Mr Hannan said one of the main contributors to the unstable rockface along this East-west corridor was road widening and straightening initiatives, occurring between 1920 and 1940, and 1960 and 1980.

"Each period has preceded a new era in slope instability. The cause of repeated slope failure of State Highway 3 through the Manawatu Gorge is well known by geologists and geotechnical slope engineers.

"By far the greatest cause of slope instability is directly attributable to the continual road widening and straightening since the road's inception in 1872."

His report explores four options put forward in a 2012 report commissioned by NZTA.
Alternative routes include a multi-lane, direct line through the Tararua Ranges costing $309 million. Mr Hannan says this option appears feasible and is used in other parts of the world.
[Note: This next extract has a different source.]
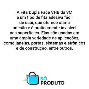 A fita dupla face vhb da 3m é um tipo de fita adesiva fácil de usar, que oferece ótima adesão e é praticamente invisível nas superfícies. Ela é altamente resistente e durável a longo prazo, sendo capaz de substituir rebites, soldas a ponto, adesivos líquidos e outros fixadores mecânicos ou permanentes. Além disso, ela tem alta resistência a solventes e cria um selo permanente contra água e umidade. A fita compensa a dilatação térmica das partes unidas, proporciona distribuição do esforço mecânico e possui colagem permanente com acabamento limpo. A fita 3m Vhb Dupla-face de espuma ig-110wf é adequada para fixação de chapas metálicas em ônibus, placas de sinalização, montagem em materiais de linha branca, entre outros. A fita é composta por adesivo acrílico durável com propriedades viscoelásticas e pode ser usada em uma ampla variedade de substratos, incluindo alumínio, aço galvanizado, inox, aço pintado, vidro, epóxi, cerâmica e muitos outros. As fitas vhb foram criadas em 1980 pela 3m como as primeiras de seu tipo, combinando conformidade e uma ligação forte e permanente, sendo uma alternativa comprovada para parafusos, rebites e outras formas de fechos mecânicos. Elas são usadas em uma ampla variedade de aplicações, como janelas, portas, sistemas eletrônicos e de construção, entre outros.

The second option is a bridge and viaduct to follow the corridor of the existing road, costing $412 million. Mr Hannan says this is a good idea to draw tourists in but warns designers will need to consider any risk of slope failure.

The third option is for a route along Worley Road, north of the Manawatu Gorge. At $118 million and although the cheapest, Mr Hannan says this the least desirable in terms of logistics.

"The Government spends millions nationwide improving and reducing the length of freight connections. Adding a further needless 5km onto the freight passageway between Manawatu and Hawke's Bay does not make sense."

The final option is a tunnel costing $1.8 billion which Mr Hannan says would need to cross two major faults. But the 2012 report suggests a long-term solution will be at least a decade away.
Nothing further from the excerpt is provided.